- [THE DATA]:
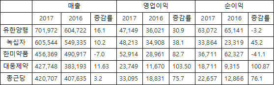 순이익=순이익 증감률은 대웅제약이 100.87%로 가장 높았고 종근당도 76.1%로 큰폭 증가했다. 영업이익 부문에서 82.7% 증가한 한미약품은 41.1% 감소했고, 매출증가율 1위인 유한양행은 3.2% 감소했다.
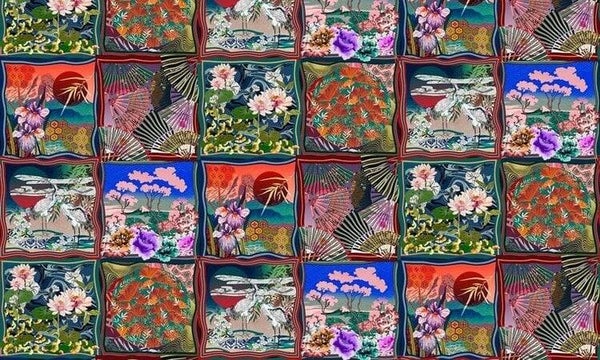 Zes zijden foulards met Oosterse taferelen zijn de inspiratiebron voor deze compositie. De kleurenexplosie is perfect in balans en creëert één harmonieus en panoramisch geheel.
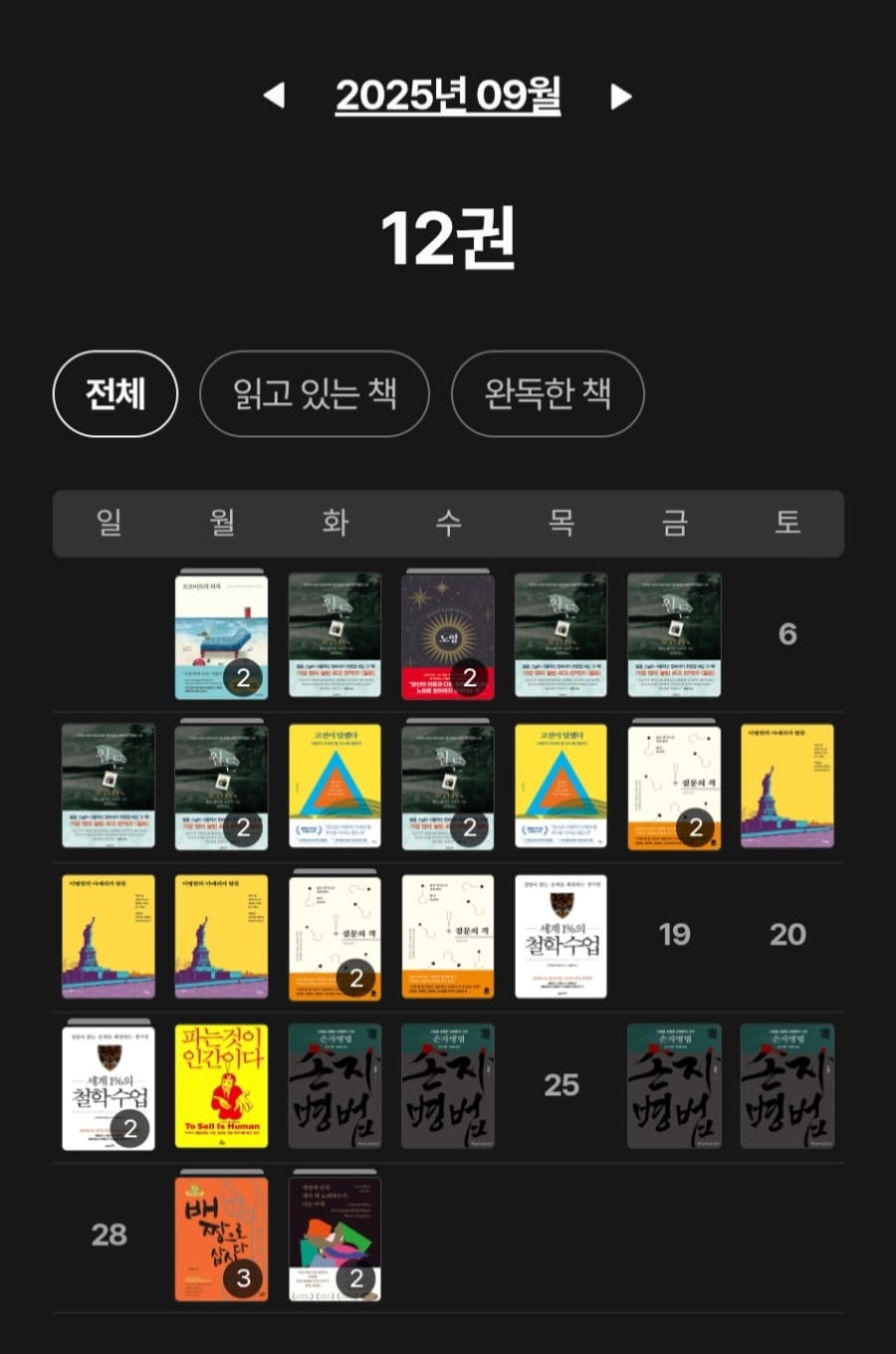 밀리의 서재에 이런 독서 캘린더가 있다는 사실을 이제 알았네요^^; 이렇게 보니 한눈에 볼 수 있어 좋으네요!

- [TRY IT]:
Print every line of the material exactly as written, but drop the pictures.

- [THE COMPLETED TASK]:
 순이익=순이익 증감률은 대웅제약이 100.87%로 가장 높았고 종근당도 76.1%로 큰폭 증가했다. 영업이익 부문에서 82.7% 증가한 한미약품은 41.1% 감소했고, 매출증가율 1위인 유한양행은 3.2% 감소했다.
 Zes zijden foulards met Oosterse taferelen zijn de inspiratiebron voor deze compositie. De kleurenexplosie is perfect in balans en creëert één harmonieus en panoramisch geheel.
 밀리의 서재에 이런 독서 캘린더가 있다는 사실을 이제 알았네요^^; 이렇게 보니 한눈에 볼 수 있어 좋으네요!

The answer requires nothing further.